Hacker News new | ask | show | jobs
by sigil 2722 days ago
Thanks for the response. Out of curiosity, how does your engineering organization introduce new dependencies within the monorepo? Can B, C and D all depend on A without A's consent or even awareness? (Suppose A is some checked in code that's useful, going to see updates in future, but is dormant at present.)

Your post puts a lot of the onus on A for breaking B, C, and D, but I think equal care and consideration needs to come from the other side of the contract. Eg, What are you depending on? Is it a dependency you want to take on, or are you and the shared code likely to diverge in life?
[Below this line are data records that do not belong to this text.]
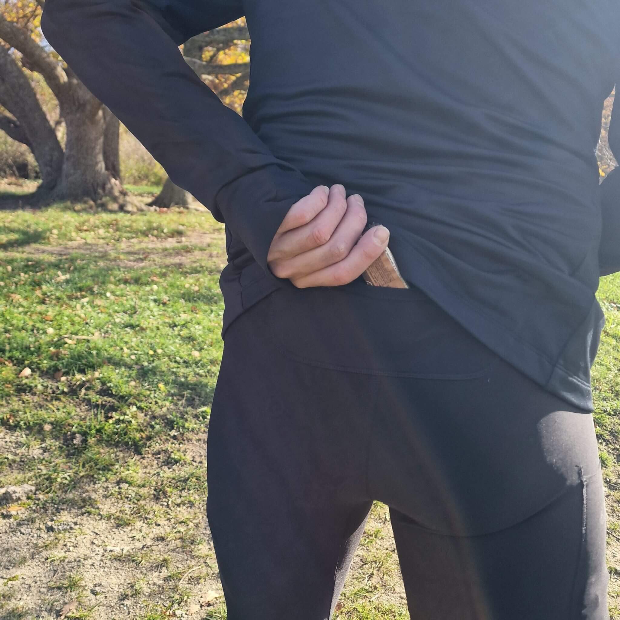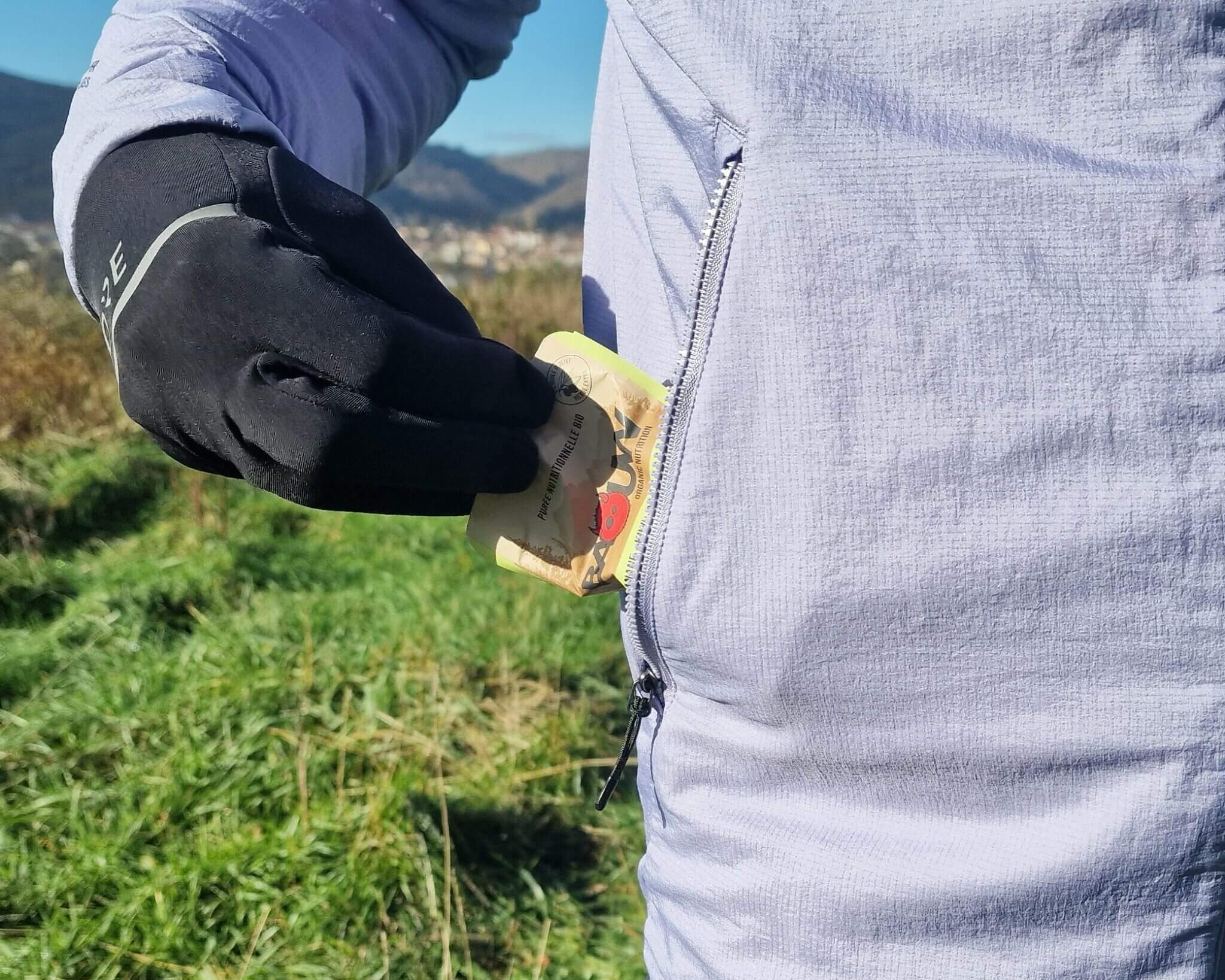 Le zip 1/4 est super pratique : quand je me réchauffe dans les premières minutes, je l’ouvre un peu pour éviter la surchauffe. Et les poches avant me servent soit à réchauffer mes mains avant de démarrer, notamment quand je me rends sur la piste, soit à y ranger mes gants, une barre ou un gel.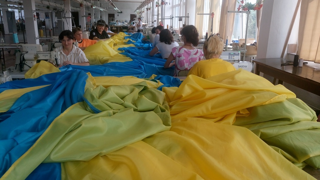 "В Ужгороді завершили пошиття національного прапора України завдовжки 100 метрів. Два рулони матерії синього і жовтого кольорів завширшки по 1,5 метра зшили працівниці Ужгородського учбово-виробничого підприємства №2 Українського товариства глухих (УТОГ).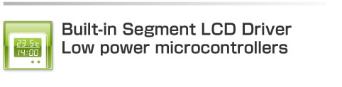 | These low-power microcontrollers with segment LCD driver integrates a boost circuit for driving an LCD. The lineup ranges from 55 to 185 segments. Additional features include built-in program memory (6KB-64KB) and RAM (192B-2KB), 2 types of serial communication interfaces (SSIO, UART) or 3 types of serial communication ports (I2C, SSIO, UART), 16bit/24bit RC oscillation A/D converter, 12bit successive approximation A/D converter, melody, buzzer, timer, and general-purpose port, making them ideal for compact, LCD-equipped devices. |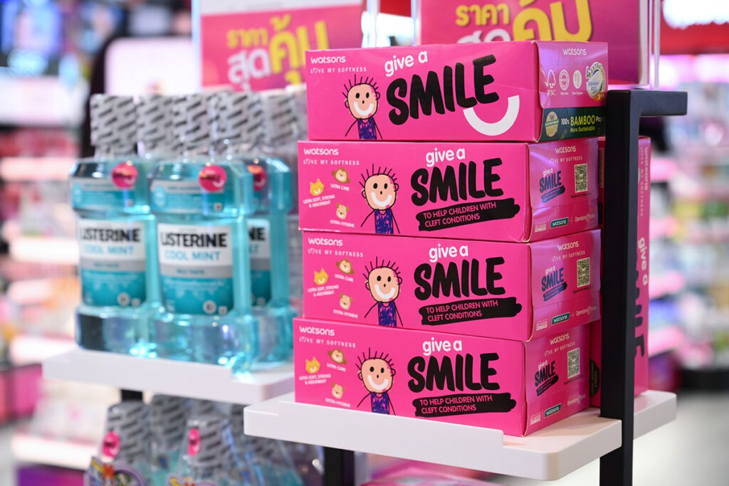 ในปีนี้ วัตสันผนึกกำลังแบรนด์พันธมิตรระดับชั้นนำของเมืองไทยที่มีเป้าหมายร่วมกันในการเสริมสร้างศักยภาพและให้ความสำคัญในเรื่องเดียวกัน ได้แก่ คอลเกต, ดาร์ลี่ และลิสเตอรีน ร่วมกันระดมทุนและนำรายได้จากการจำหน่ายสินค้ามอบให้แก่มูลนิธิสร้างรอยยิ้ม ประเทศไทย (Operation Smile Thailand) องค์กรการกุศลทางการแพทย์ที่ไม่แสวงหาผลกำไร เพื่อให้การช่วยเหลือและมอบโอกาสให้น้องๆ ที่มีภาวะปากแหว่งเพดานโหว่และความผิดปกติอื่นๆ บนใบหน้า ให้ได้เข้ารับการผ่าตัดศัลยกรรม เพื่อให้กลับมามีรอยยิ้มที่สดใสและมั่นใจได้อีกครั้ง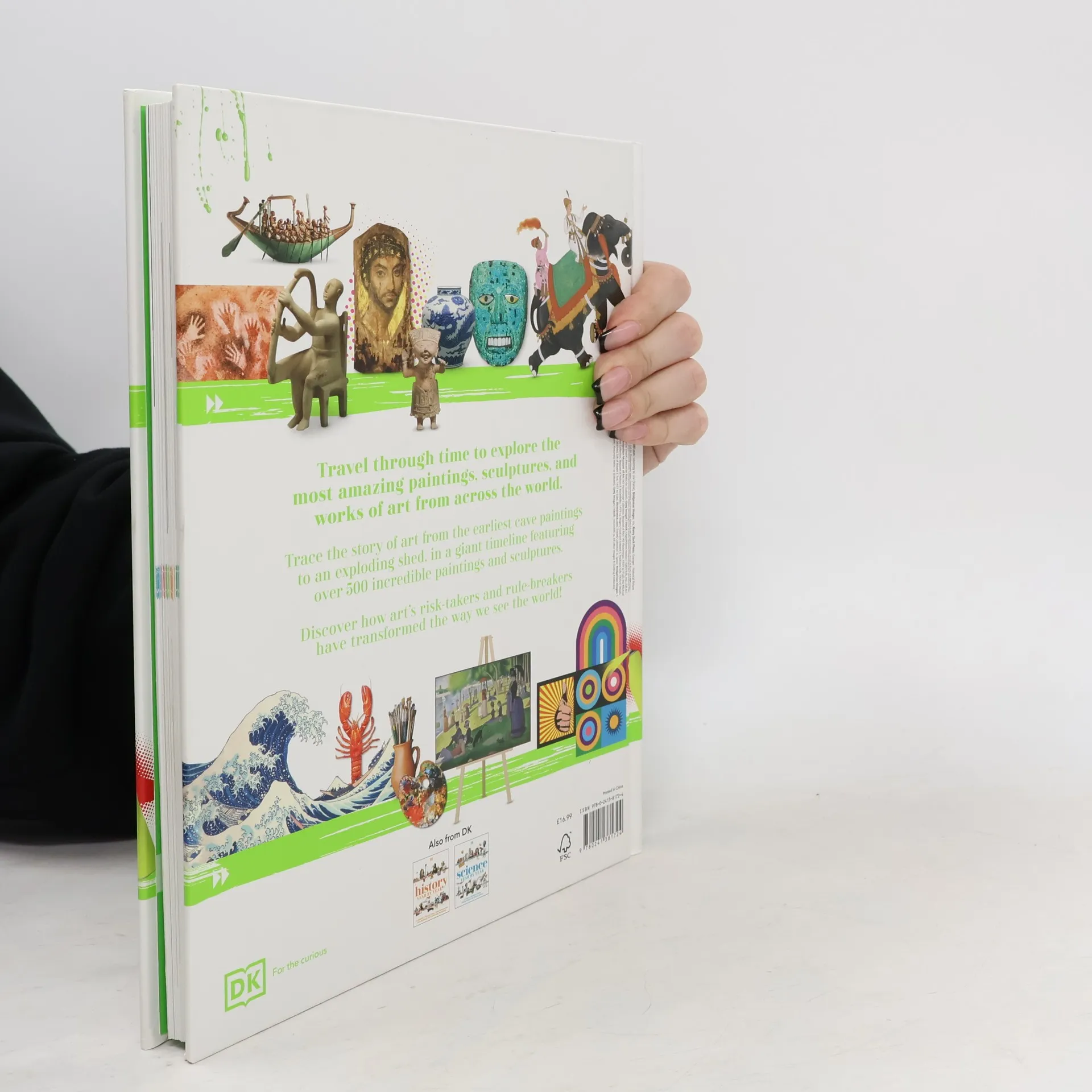 Travel through time to discover the paintings and sculptures that enrich our world. This brilliant book has a single timeline running through it - a glorious gallery of art through history, from prehistoric cave paintings to street art, and everything in between. Art movements such as the Renaissance, Impressionism, Surrealism, and Pop Art are explored and explained. There are biographies, too, of key figures behind some of the world's best-known artworks, from Rembrandt to Rodin, Botticelli to Banksy. With every story plotted on a timeline, the pages give a snapshot of each era, and reveal reveal the influences and connections behind the artworks and artistic movements that have reflected our world. With more than 1,000 images of paintings, drawings, photographs, and sculptures, Art Year by Year is the ultimate visual guide to the history of art, century by century, year by year.

These are top of mind decisions in a polyrepo architecture, but from my experience they're often not even considered in a monorepo. Anything checked in is fair game for reuse. This is why I suspect you may be "forcing" the wrong thing.

For reference I've worked in companies large and small, both monorepo and polyrepo. When I worked on Windows back in the 00's the monorepo tooling (SourceDepot) was quite amazing for the time, but the costs of that sort of coordination were also painfully apparent to everyone.

The place I currently work has a monorepo for desktop software and polyrepos for everything else. It isn't a straight up A/B experiment, but anecdotally the pain is higher and shipping velocity lower in the monorepo half of the world. Most of the monorepo pain is related to CI or other costs of global coordination, the kind of things Matt touches on midway (albeit probably too subtlely). I'd be interested to see your counterarguments to those points as well. Do you need fancy dependency management tooling to make your global CI builds fast and reproducible? Matt argues those end up being equivalent to the kind of dependency tooling that's intrinsic to polyrepo architectures anyway.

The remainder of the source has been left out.